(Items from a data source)
▽

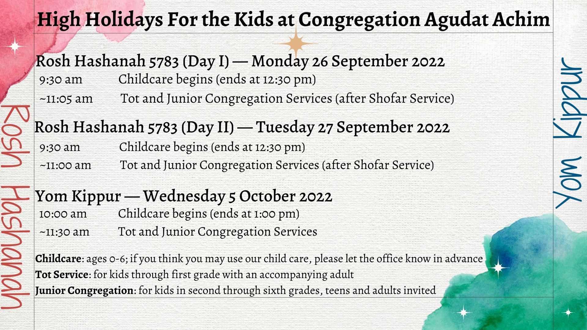 - Babysitting: Rosh Hashanah Mornings, Mon and Tues 26-27 Sep from 9:30 AM – 12:30 PM; Yom Kippur Morning Wed 5 Oct from 10:00 AM – 1:00 PM
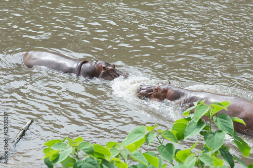 Obraz premium Hippo (Hippopotamus amphibius) fighting in the water
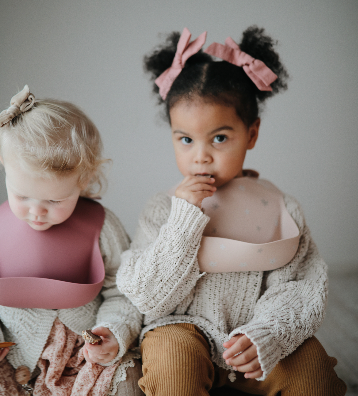 The collection of silicone bibs from Mushie is fun, timeless, and colorful in various designs. Find the style that fits your taste and style.
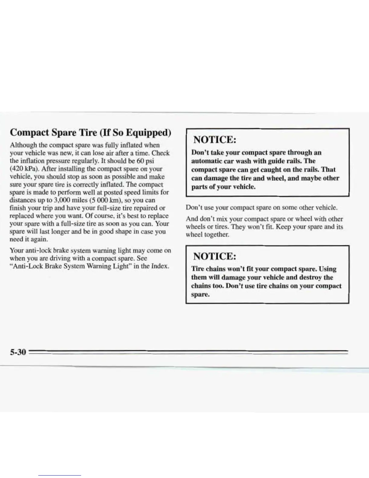chains too. Don’t use tire chains on your compact
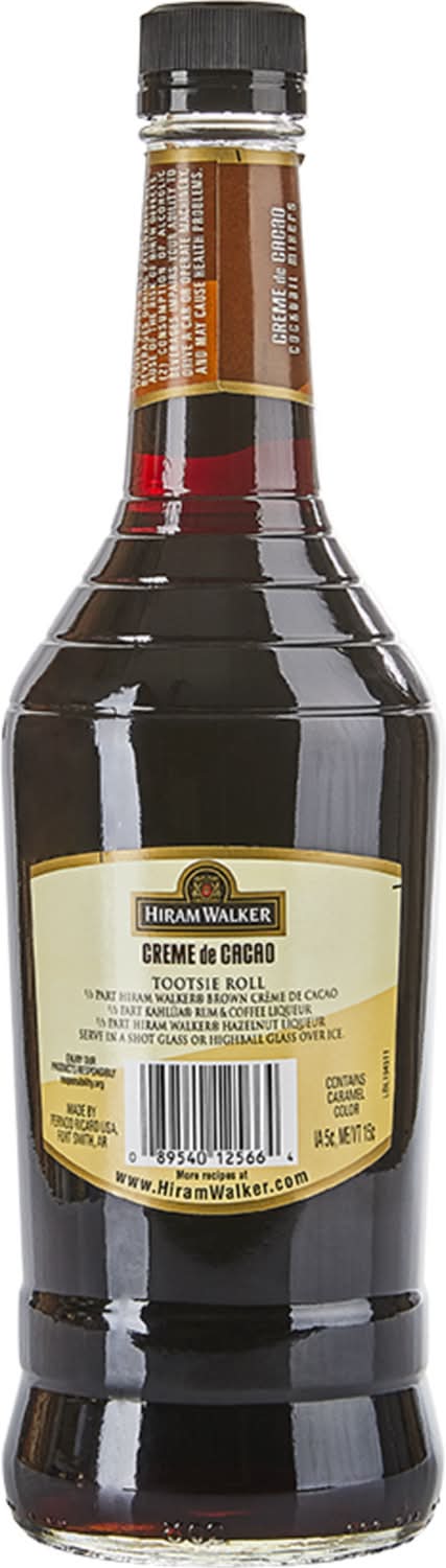Hiram Walker Crème de Cacao taste is creamy chocolate with notes of toffee and auburn color. Alcohol by volume: 15%
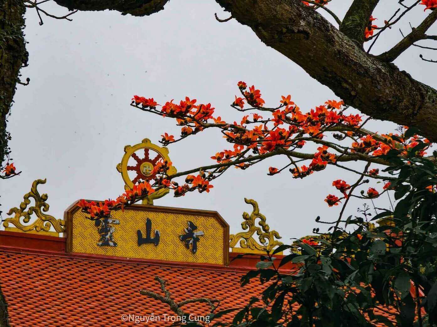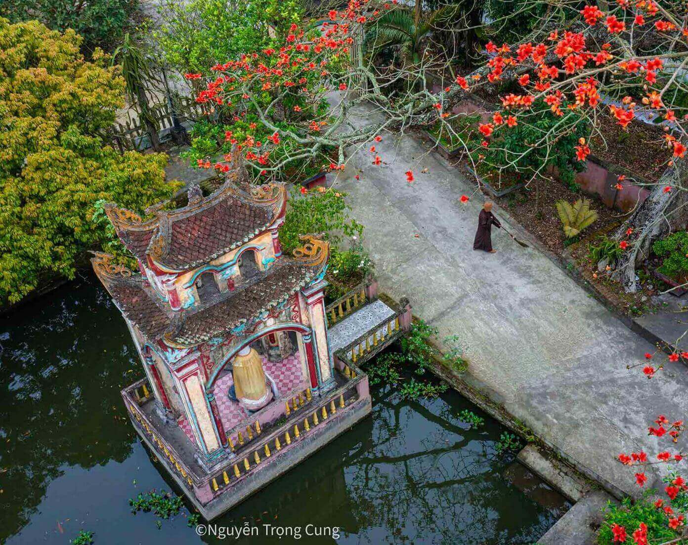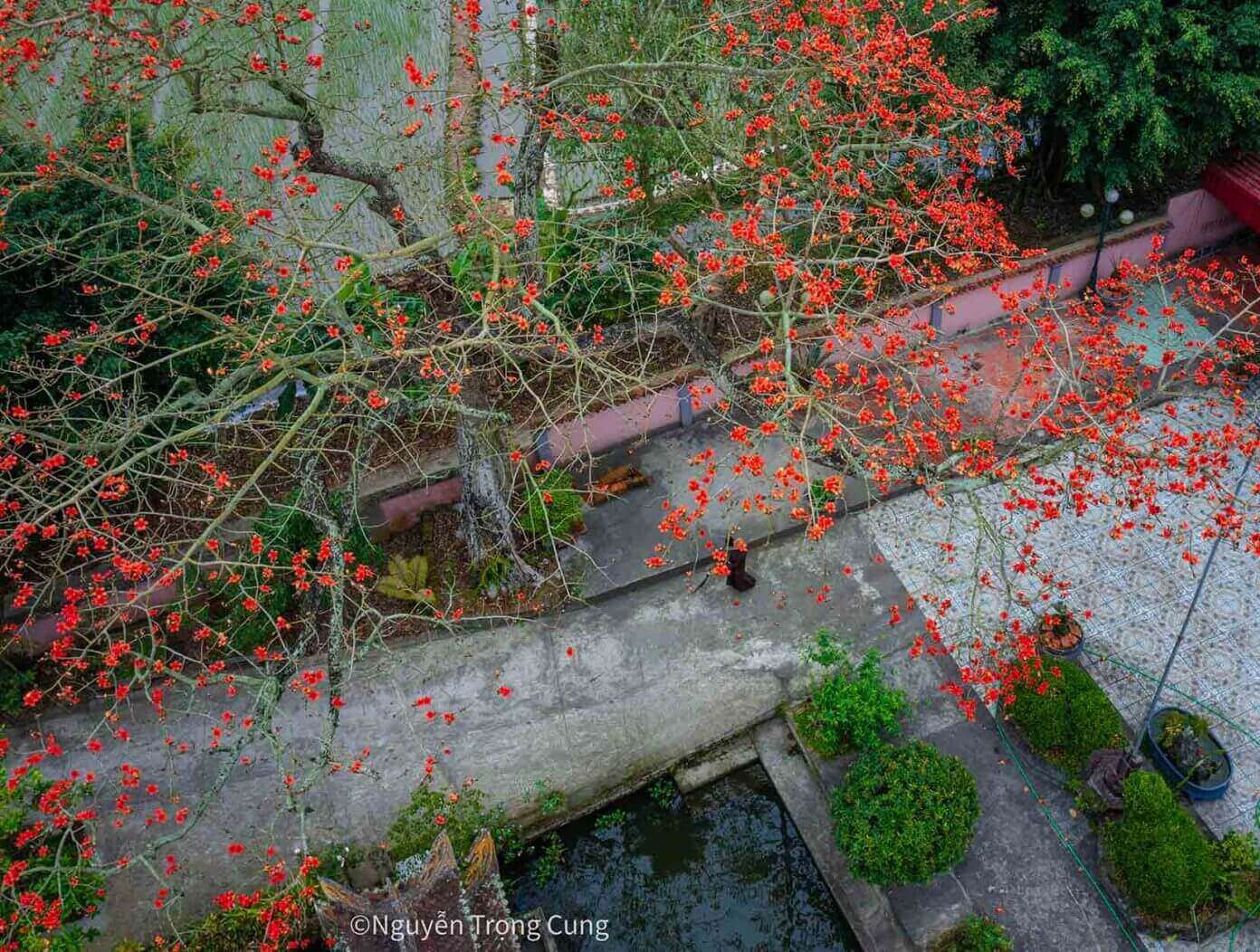 Cây hoa gạo nở đỏ rực một góc sân,trong khung cảnh chùa chiền và đồng ruộng. Anh Cung cảm nhận được sự thanh tịnh,yên tĩnh nơi cửa Phật. Ảnh: Nguyễn Trọng Cung

△

- **WORK INSTRUCTIONS**
The line containing "Hiram Walker Crème" and every line after it, up to the last line of the data, should be returned exactly, without the pictures.

- **REPLY TO THE TASK**
Hiram Walker Crème de Cacao taste is creamy chocolate with notes of toffee and auburn color. Alcohol by volume: 15%
 Cây hoa gạo nở đỏ rực một góc sân,trong khung cảnh chùa chiền và đồng ruộng. Anh Cung cảm nhận được sự thanh tịnh,yên tĩnh nơi cửa Phật. Ảnh: Nguyễn Trọng Cung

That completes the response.